Lola Zinke, who is the campaign chair for conservative Montana businessman Troy Downing’s U.S. Senate bid, holds no official position in the Interior Department and is not part of the Trump administration in any capacity.

Richard Painter, former chief White House ethics lawyer in the George W. Bush administration, said that while Lola Zinke should not be sitting in on departmental meetings, the bigger question is who paid for her travel.

“If the government is paying for her to go, that’s highly inappropriate,” he said. “Spouses should not be paid for by the government to go places.”

Aaron Weiss, media director for the Center for Western Priorities — a policy and ethics watchdog organization founded during the Obama administration — said alleged efforts to remove Lola Zinke from official department photos “stink to high heaven.”

“Those kinds of instructions aren’t what you’d expect to see if everything involving Lola Zinke’s travel was above board,” he said. “If there’s nothing to hide, and there’s nothing to be ashamed of, then why hide or minimize her presence on trips?”

On Thursday, lawyers for American Oversight sued the department on behalf of Western Values Project, an environmental watchdog. The suit claims the department failed to respond in a timely fashion to WVP’s Freedom of Information Act request for documents related to Lola Zinke’s role in the department.

The lawsuit asks the United States District Court for the District of Columbia to “order [the Interior Department] to conduct a search reasonably calculated to uncover all records” related to WVP’s FOIA request and produce them for the public.

That lawsuit and the overall questions surrounding the department come amid controversy over the travel expenses of President Donald Trump’s Cabinet. Health and Human Services Secretary Tom Price resigned on Sept. 29 after questions were raised about his use of private charter aircraft charged to taxpayers. Zinke, too, has faced criticism over three of his flights — all private charters — including one late-night flight from Las Vegas to Montana that cost more than $12,000.

On Wednesday, Zinke told reporters that criticism over his travel was “complete and utter bullshit” and that “all the trips went through absolute due diligence.”

Additional draft manifests for trips Ryan Zinke took with Lola to Norway and Alaska in May do not show how she traveled by air to and from those destinations.
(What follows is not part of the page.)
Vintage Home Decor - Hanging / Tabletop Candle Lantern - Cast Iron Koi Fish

While the documents list her attendance at an event in Denali National Park, she did not appear in the department’s Flickr album cataloguing the secretary’s appearance there.

Though the department confirmed to Politico that Lola Zinke was on those flights with the secretary, manifests for the flights do not list her presence on either the military aircraft from Washington to Norway, or from Norway to Deadhorse, Alaska. However, once in Deadhorse, it mentions “spouses continue on” to Fairbanks, Alaska, but does not list Lola Zinke by name.
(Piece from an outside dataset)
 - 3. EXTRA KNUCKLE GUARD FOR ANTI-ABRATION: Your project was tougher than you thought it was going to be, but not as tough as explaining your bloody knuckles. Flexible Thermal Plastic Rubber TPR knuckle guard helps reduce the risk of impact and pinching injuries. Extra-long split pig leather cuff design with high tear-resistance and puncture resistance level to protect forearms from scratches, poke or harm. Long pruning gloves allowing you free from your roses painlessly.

According to Politico, Lola Zinke accompanied the secretary on those flights. The less redacted manifest says she was in the vehicle that transported the secretary between the department headquarters in Washington and Andrews Air Force Base.

Lola Zinke also does not appear on the plane manifest for a March trip her husband took to Montana. However, her name does appear among the invitees of an event she attended with her husband at Glacier National Park on March 10. She was also listed in the manifest for her husband’s vehicle as they traveled later that day to his hometown of Whitefish, Montana.
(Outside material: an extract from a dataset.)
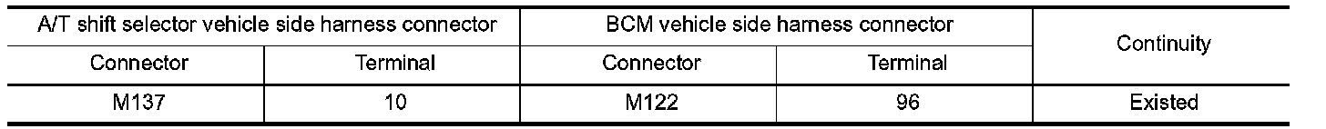 3. Check continuity between A/T shift selector vehicle side harness connector terminal and BCM vehicle side harness connector terminal.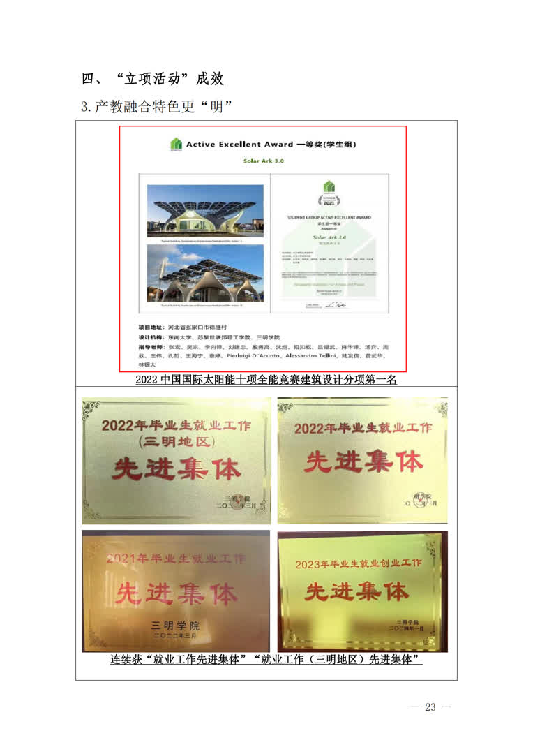 3.产教融合特色更“明”。将地方产业方向与专业发展优势深度结合,“知识赋慧”“技术赋能”“育苗赋兴”的产学研用的人才培养模式逐步形成,服务地方能力显著增强。获3项教育部产学合作协同育人项目立项,获2022中国国际太阳能十项全能竞赛建筑设计分项第一名,“阳光方舟Solar Ark 3.0”项目获第二届全国生态混凝土创新设计应用大赛一等奖。“闽台乡土微景观营造学社”等10余个项目驱动创新班培育建筑工匠4000人次。就业创业质量稳居学校前列,连续获“就业工作先进集体”“就业工作(三明地区)先进集体”荣誉。创新做法和成效被央视新闻、教育部官微、福建新闻联播、中国新闻网等平台专题报道20余次。

Chris Saeger, executive director of the Western Values Project, maintained that knowing more about Lola Zinke’s presence and role at the department was of the utmost importance to the public.

“We saw a lot of evidence on social media that the role Mrs. Zinke was playing was substantive — and if you want to play that kind of a role in the federal government, there are rules,” he said. “As long as we don’t know what her role is, we don’t know if she’s playing by those rules.”